[파이썬] statsmodels 연속형 변수 분석

Introduction to Continuous Variables

Continuous variables are numerical variables that can take on any value within a specific range or interval. Examples of continuous variables include age, height, temperature, and income. Analyzing these variables allows us to gain insights into relationships and patterns present in the data.

Getting Started with Statsmodels

To start using Statsmodels for analyzing continuous variables, first make sure you have it installed. You can install Statsmodels by running the following command:

pip install statsmodels

Once you have Statsmodels installed, you can import the necessary modules and functions in your Python program:

import statsmodels.api as sm
import statsmodels.formula.api as smf

Simple Linear Regression

One of the most common techniques used for analyzing continuous variables is simple linear regression. Simple linear regression examines the relationship between a dependent variable (Y) and an independent variable (X) by fitting a linear equation to the observed data.

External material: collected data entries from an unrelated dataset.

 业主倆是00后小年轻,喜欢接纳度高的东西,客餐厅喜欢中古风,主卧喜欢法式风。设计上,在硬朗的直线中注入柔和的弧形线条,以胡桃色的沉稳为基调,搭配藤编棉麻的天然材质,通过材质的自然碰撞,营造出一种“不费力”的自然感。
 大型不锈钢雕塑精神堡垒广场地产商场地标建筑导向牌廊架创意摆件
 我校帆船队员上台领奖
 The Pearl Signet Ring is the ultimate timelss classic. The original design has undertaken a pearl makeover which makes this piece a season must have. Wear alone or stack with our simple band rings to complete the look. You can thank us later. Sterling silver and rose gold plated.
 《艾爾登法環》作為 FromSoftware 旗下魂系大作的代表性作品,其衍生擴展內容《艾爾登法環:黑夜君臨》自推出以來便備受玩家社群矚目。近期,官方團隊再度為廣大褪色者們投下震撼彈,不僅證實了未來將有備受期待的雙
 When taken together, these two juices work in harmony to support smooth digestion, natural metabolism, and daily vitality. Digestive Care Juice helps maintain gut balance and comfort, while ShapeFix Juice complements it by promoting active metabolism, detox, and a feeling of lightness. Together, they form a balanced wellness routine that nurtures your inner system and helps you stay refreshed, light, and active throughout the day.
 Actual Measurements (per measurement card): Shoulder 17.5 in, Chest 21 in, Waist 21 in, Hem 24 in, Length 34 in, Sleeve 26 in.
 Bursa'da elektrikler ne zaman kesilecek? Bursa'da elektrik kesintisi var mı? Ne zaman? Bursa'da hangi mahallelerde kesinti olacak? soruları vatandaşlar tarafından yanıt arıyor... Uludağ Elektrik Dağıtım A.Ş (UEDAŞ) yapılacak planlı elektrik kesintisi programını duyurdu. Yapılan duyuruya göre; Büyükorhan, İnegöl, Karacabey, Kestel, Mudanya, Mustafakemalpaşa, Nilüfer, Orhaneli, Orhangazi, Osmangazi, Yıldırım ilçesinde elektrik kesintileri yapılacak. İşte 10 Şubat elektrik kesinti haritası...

Here’s an example of how to perform simple linear regression using Statsmodels:

# Load the dataset
dataset = sm.datasets.get_rdataset('mtcars').data

# Define the dependent and independent variables
y = dataset['mpg']  # Dependent variable
x = dataset['hp']   # Independent variable

# Add a constant term to the independent variable
x = sm.add_constant(x)

# Create a linear regression model
model = sm.OLS(y, x)

# Fit the model
results = model.fit()

# Print the summary statistics
print(results.summary())

In this example, we load the “mtcars” dataset from the built-in datasets in Statsmodels. We then define the dependent variable (y) as the “mpg” column and the independent variable (x) as the “hp” column. We add a constant term to the independent variable using sm.add_constant. Next, we create a linear regression model using sm.OLS and fit the model using model.fit(). Finally, we print the summary statistics of the fitted model using results.summary().

The summary statistics provide information about the coefficient estimates, standard errors, p-values, and other goodness-of-fit metrics. These statistics help evaluate the strength and significance of the relationship between the variables.

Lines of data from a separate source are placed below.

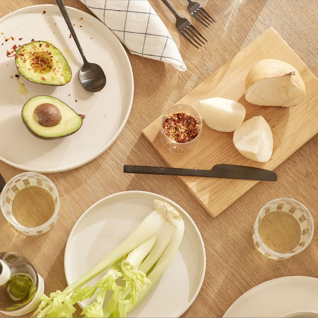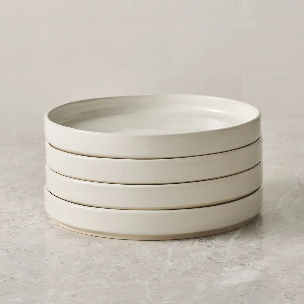 Durable stoneware built for daily use. Stacking design saves cabinet space. Sold in sets for dinner parties or daily meals alike. They're microwave and dishwasher safe.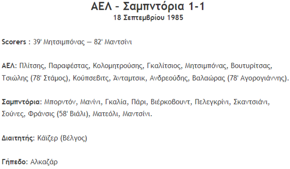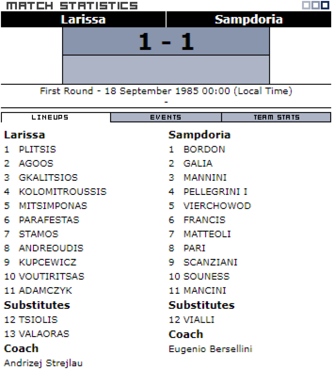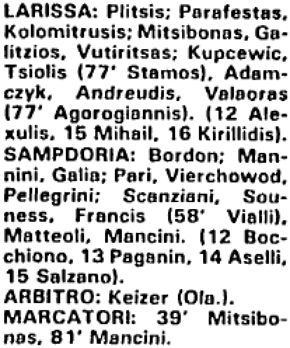 «Лариса» Лариса - «Сампдория» Генуя - 1:1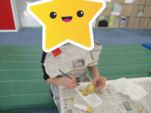 沢山の色を使って、芸術的な卵が完成した子や「この色とこの色を混ぜたらどうなる?」と言いながら絵具を混ぜて色作りをしながらこだわりの作品を作り上げた子もいました!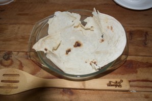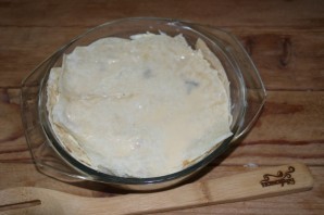 Поверх сыра снова выложите кусочки лаваша, а потом снова сыр — и так, пока все продукты не закончатся.
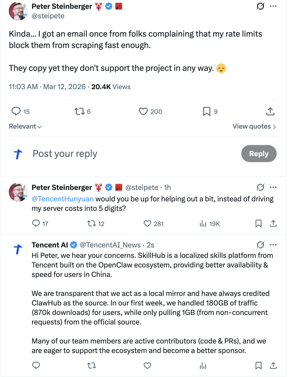3月12日,OpenClaw创始人Peter Steinberger在社交媒体公开发文“抱怨”腾讯:“只会照搬抄袭,却没有以任何形提供过支持。”他还提及腾讯混元团队并喊话:“你们能不能搭把手帮衬一下,而不是把我的服务器成本硬生生推高到五位数?”

Multiple Linear Regression

Multiple linear regression extends simple linear regression by considering multiple independent variables. It allows analyzing the relationships between a dependent variable and multiple predictors simultaneously.

Here’s an example of how to perform multiple linear regression using Statsmodels:

# Define the dependent and independent variables
y = dataset['mpg']  # Dependent variable
x = dataset[['hp', 'wt', 'qsec']]  # Independent variables

# Add a constant term to the independent variable
x = sm.add_constant(x)

# Create a multiple linear regression model
model = sm.OLS(y, x)

# Fit the model
results = model.fit()

# Print the summary statistics
print(results.summary())

In this example, we define the dependent variable (y) as the “mpg” column, and the independent variables (x) as the “hp”, “wt”, and “qsec” columns. We add a constant term to the independent variable, create a multiple linear regression model, fit the model, and print the summary statistics using the same procedures as in simple linear regression.

Conclusion

Statsmodels provides a comprehensive toolkit for analyzing continuous variables in Python. In this blog post, we introduced simple linear regression and multiple linear regression using Statsmodels. These techniques allow us to explore relationships between continuous variables and make predictions based on the observed data.

Remember to install Statsmodels and familiarize yourself with its functions and methods to unlock more advanced analytics capabilities. Happy analyzing!